- What the task requires -
Once the line with "18K gold natural" is found, write it out along with every line after it, exactly, up to the last line of the entries below. Exclude pictures.

- - -

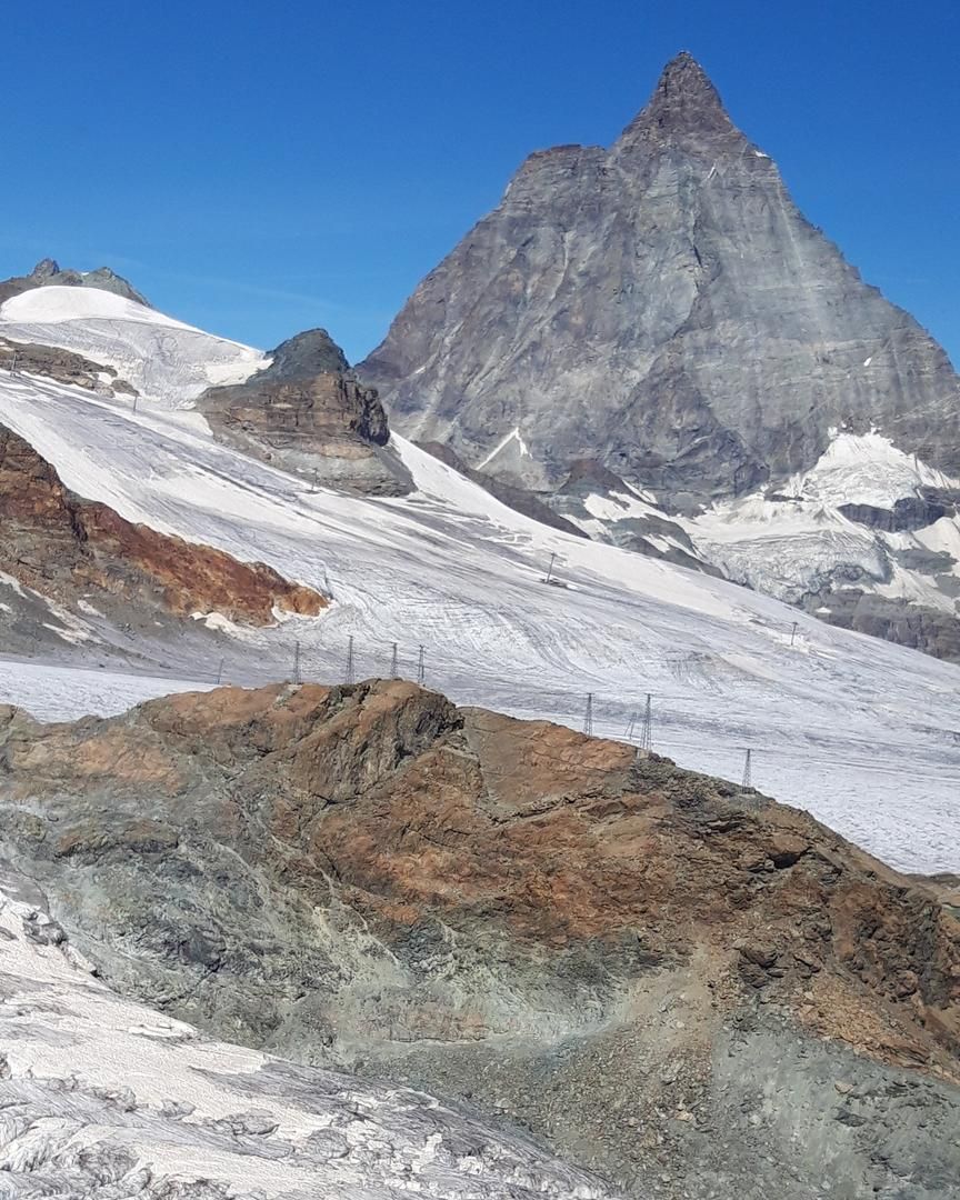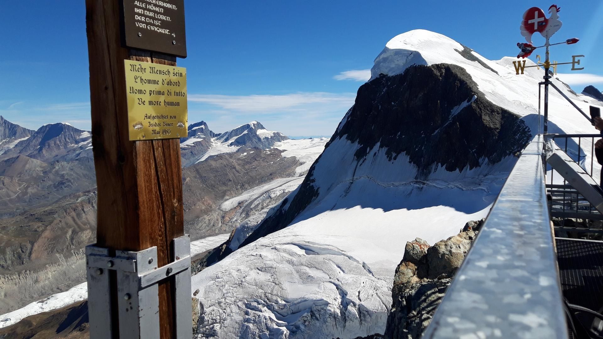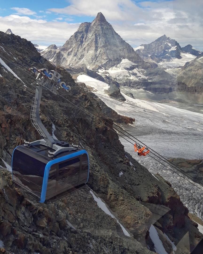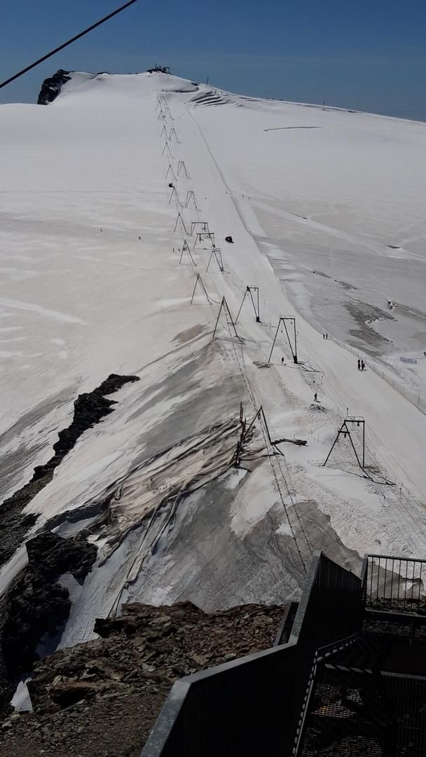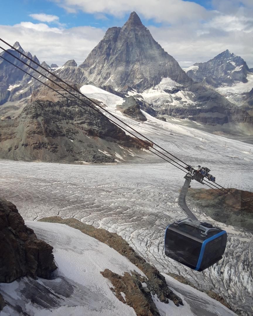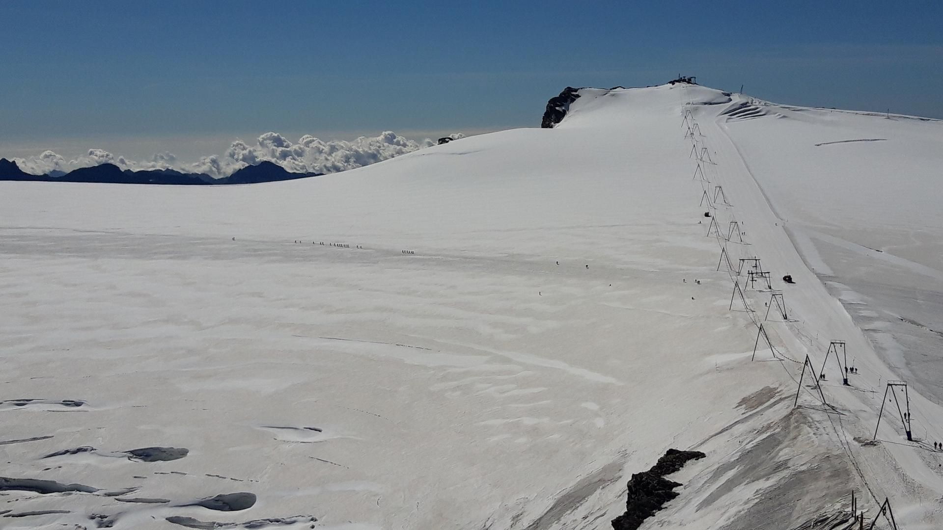 Am 2. Tag fuhr ich von Zermatt via Schwarzsee und trokener Steg auf das Klein-Matterhorn auf eine Höhe von 3883m über Meer. Auf der Gipfelterrasse kann man den Seilschaften zuschauen, welche sich auf das 4164m hohen Brethorn begeben. In der Eisgrotte kann man viele schöne Eis-Skulpturen bewundern. Durch einen Tunnel erreicht man die Sommer Ski-Pisten.
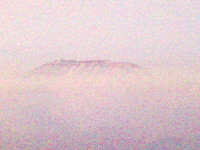 登上蘭山頂后,志愿者共同敲響了新年鐘聲,并在蘭山鐘院等待日出。由于時處清晨,蘭州城區(qū)被一層薄霧籠罩著,唯有潺潺的黃河在霧氣中忽隱忽現(xiàn)。恰在此時,志愿者李建強突然發(fā)現(xiàn)蘭州市區(qū)的上空多了個小島。大家定睛一看,果然有一個小島漂浮在市區(qū)上空。隨行的志愿者趕快拍下了這一幕。在照片的中央,一個小島橫埂在上面,山尖上的日出慢慢透出了光亮。10余分鐘后,“小島”上的日出消失,蘭州市區(qū)又被霧氣籠罩,海市蜃樓慢慢消失。半個小時后,太陽才從遠處的山坳里露出了“臉”,將新年的第一屢陽光撒向蘭州市區(qū)。
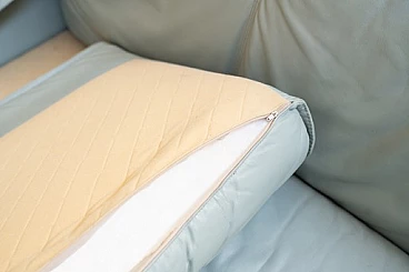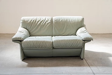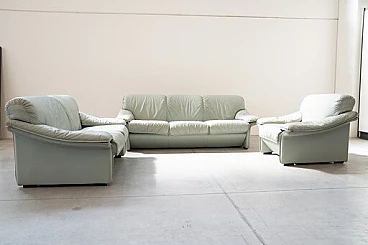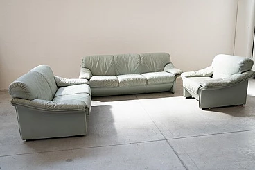 Pair of sofas and armchair in pale blue leatherette by FD Salotti, 1970s
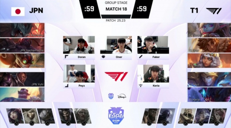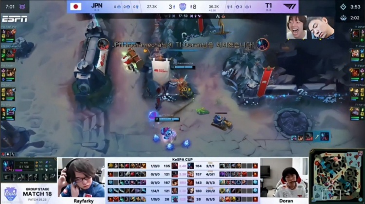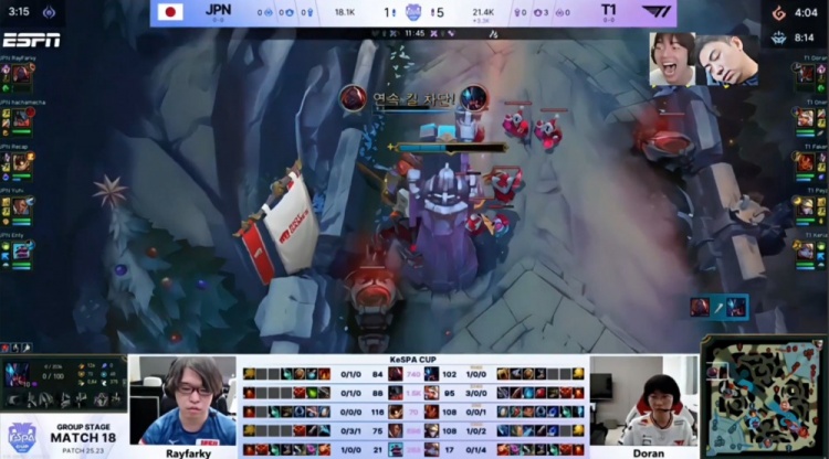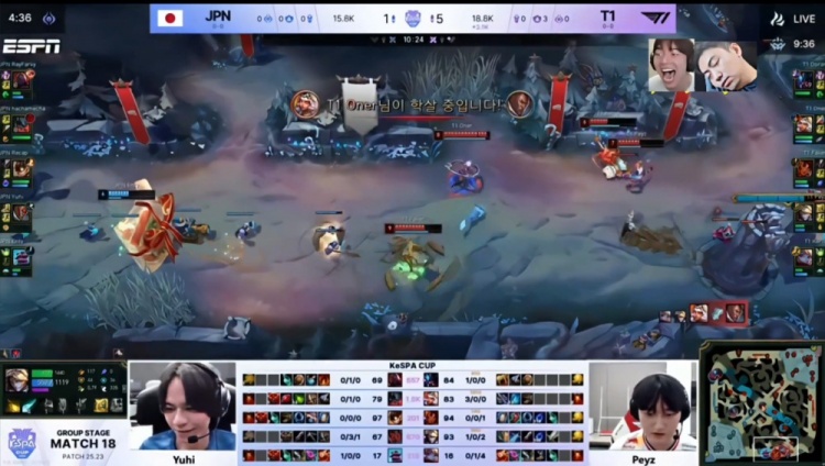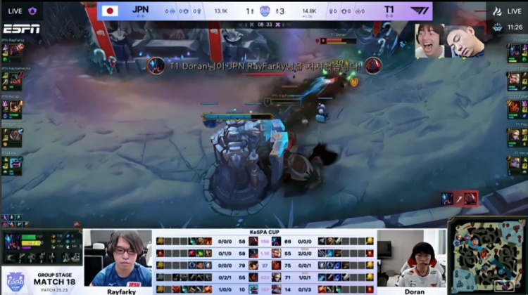 [23:21]上路团战,Keria波比锤飞JPN两人,Yuhi卢锡安穿兵Q带走Oner奇亚娜,hachamecha剑魔砍掉Peyz,JPN打出1换3,经济落后9k。
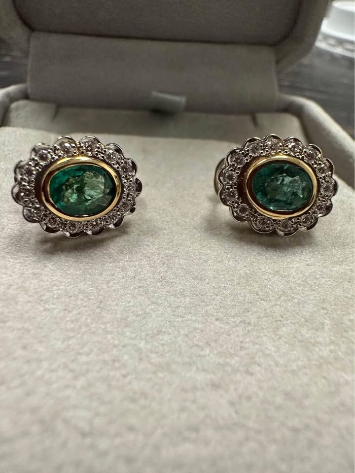 18K gold natural diamond and emerald earrings.
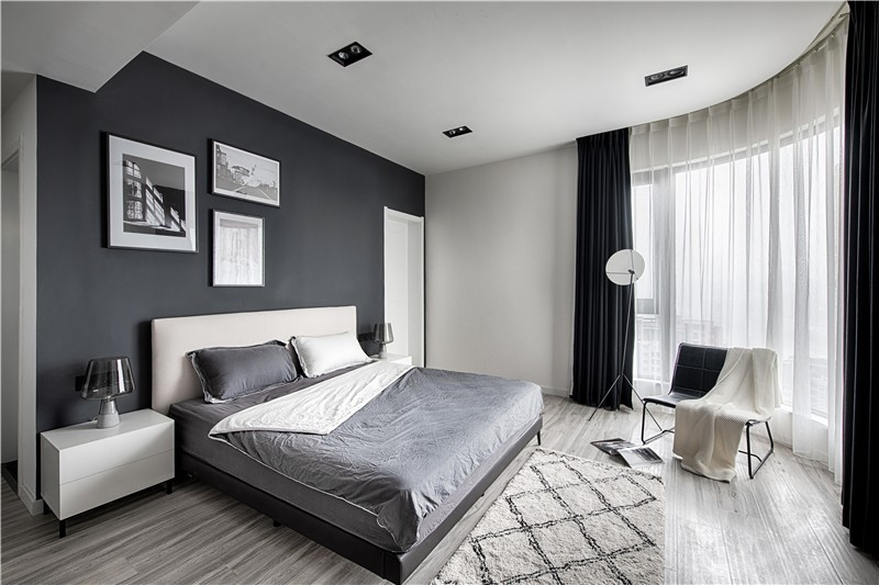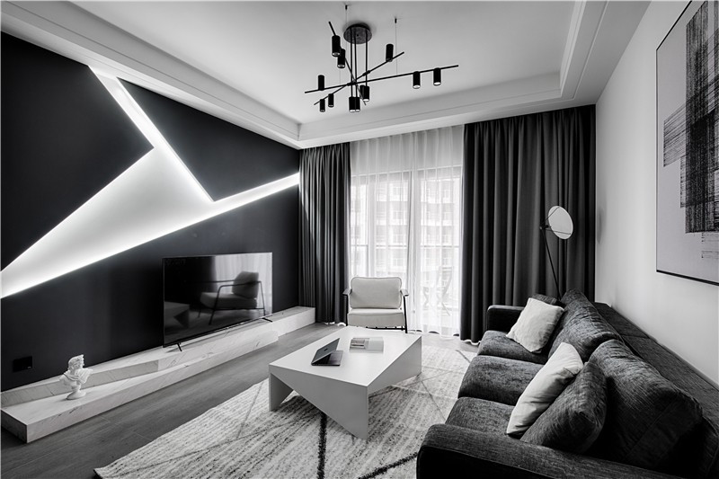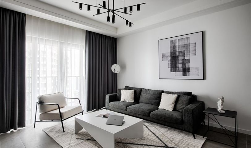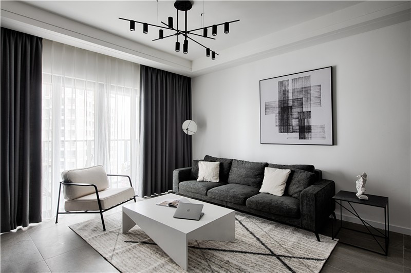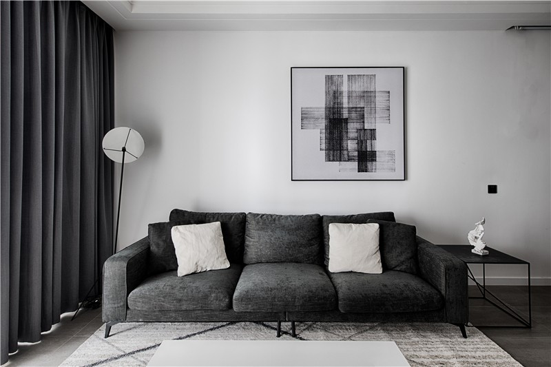 沙發(fā)和窗簾是不同灰度使用,大白墻只用一幅抽象的黑白掛畫裝飾。
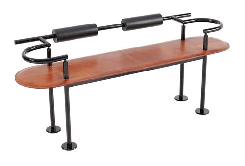Tubular powder coated steel frame, saddle hide leather bench seat and rubber.
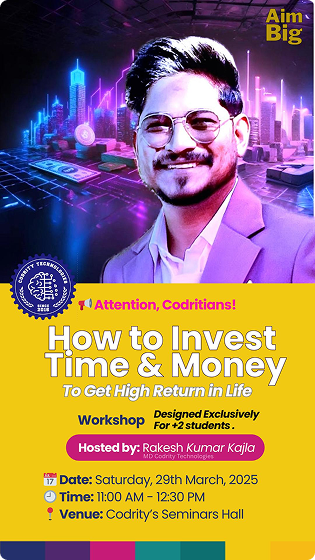 Weekly seminars on soft skills are held in Codrity. In these seminars career guidance is provided and students are taught how to manage time, how to build and manage team, how to communicate and present yourself, how to become problem solver and creative thinker, how to find your passion and work on it and many more. These skills are required for interview time, job and personal life also.
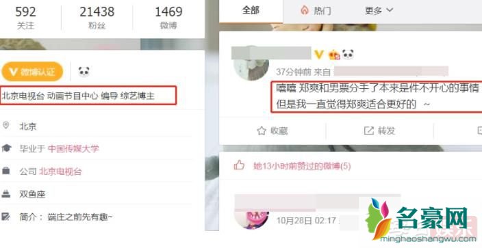 2019年11月7日,一名叫“北京电视台 动画节目中心”的“编导”微博网友,在网上曝出“郑爽和男友分手”的消息,瞬间登上了热搜。
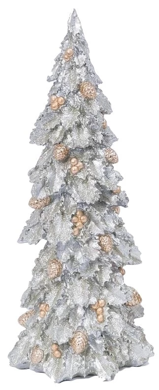 Absolutely gorgeous, this Resin Woodland Tree would add a flair of vintage elegance as a table centerpiece or anchoring to the rest of the Christmas décor on your mantel. Little silver and gold pine cones and berries are nestled between the glittering leaves.

- - -

- Worked solution -
 18K gold natural diamond and emerald earrings.
 沙發(fā)和窗簾是不同灰度使用,大白墻只用一幅抽象的黑白掛畫裝飾。
Tubular powder coated steel frame, saddle hide leather bench seat and rubber.
 Weekly seminars on soft skills are held in Codrity. In these seminars career guidance is provided and students are taught how to manage time, how to build and manage team, how to communicate and present yourself, how to become problem solver and creative thinker, how to find your passion and work on it and many more. These skills are required for interview time, job and personal life also.
 2019年11月7日,一名叫“北京电视台 动画节目中心”的“编导”微博网友,在网上曝出“郑爽和男友分手”的消息,瞬间登上了热搜。
 Absolutely gorgeous, this Resin Woodland Tree would add a flair of vintage elegance as a table centerpiece or anchoring to the rest of the Christmas décor on your mantel. Little silver and gold pine cones and berries are nestled between the glittering leaves.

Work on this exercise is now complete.